Can anyone advise me which type plugs Bachmann use for their current Diesel locos? thanks.


----------



## RT_Coker (Dec 6, 2012)

All of the ones that I have do not use any plugs. They use a custom DCC decoder board. The sound value ones may be different.
Bob


----------



## Cycleops (Dec 6, 2014)

Thanks Bob.

So I guess that means I will have to hard wire the decoder?


----------



## Cycleops (Dec 6, 2014)

Sorry, I should have been clearer. What type plugs do their non DCC locos take? DCC ready.


----------



## CTValleyRR (Jul 26, 2014)

My Spectrums were both 8 pin plugs.


----------



## Cycleops (Dec 6, 2014)

Thank you CTVRR. the font of all knowledge!


----------



## CTValleyRR (Jul 26, 2014)

I thank you, Sir.

I think it's more a case of "Even a blind squirrel finds a nut occasionally".


----------



## MrMoose (Dec 22, 2014)

I bought a Bachmann DCC ready loco and it had a 8-pin plug on the light board.

H633Y=PCB01 is the model stamped on the board


----------



## Cycleops (Dec 6, 2014)

Thanks guys, Well, I guess it's a decoder with an eight pin plug when I get my new S4. It's interesting to note that SoundTraxx make the sound decoder which is installed in the sound equipped version and Bachmann ask you to stump up very nearly as much as the equivalent Tsunami model but is rather lighter on features, if bought separately.

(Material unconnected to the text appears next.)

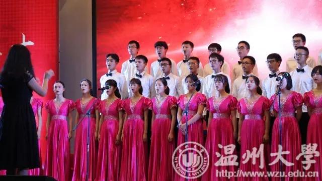 机电工程学院合唱队演唱《爱我中华》 机电工程学院党总支书记周荣致辞

If purchased with the loco it's very much less though.


----------



## MrMoose (Dec 22, 2014)

Cycleops said:


> Thanks guys, Well, I guess it's a decoder with an eight pin plug when I get my new S4. It's interesting to note that SoundTraxx make the sound decoder which is installed in the sound equipped version and Bachmann ask you to stump up very nearly as much as the equivalent Tsunami model but is rather lighter on features, if bought separately. If purchased with the loco it's very much less though.

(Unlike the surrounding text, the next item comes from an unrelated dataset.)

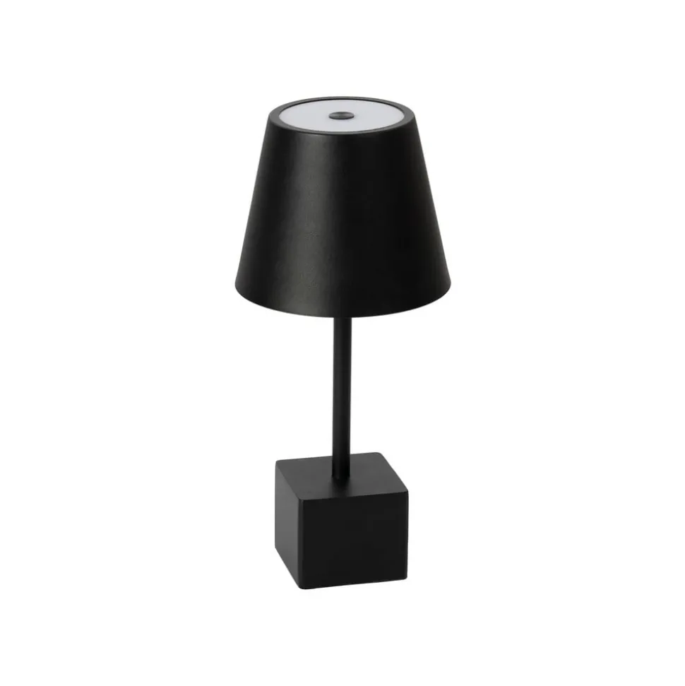 Lindby LED oplaadbare tafellamp Janea CUBE, zwart, metaal

What S4 are you getting just DCC equipped or just DC, or with sound value?


----------



## Cycleops (Dec 6, 2014)

MrMoose I particularly wanted the SP version which is not available with sound, at least not where I was buying, so I will just put a regular decoder in. It'll be interesting to compare it to my thirty year old Atlas S4 made in Austria by Roco, which is a superb runner, although rather lacking in detail.


----------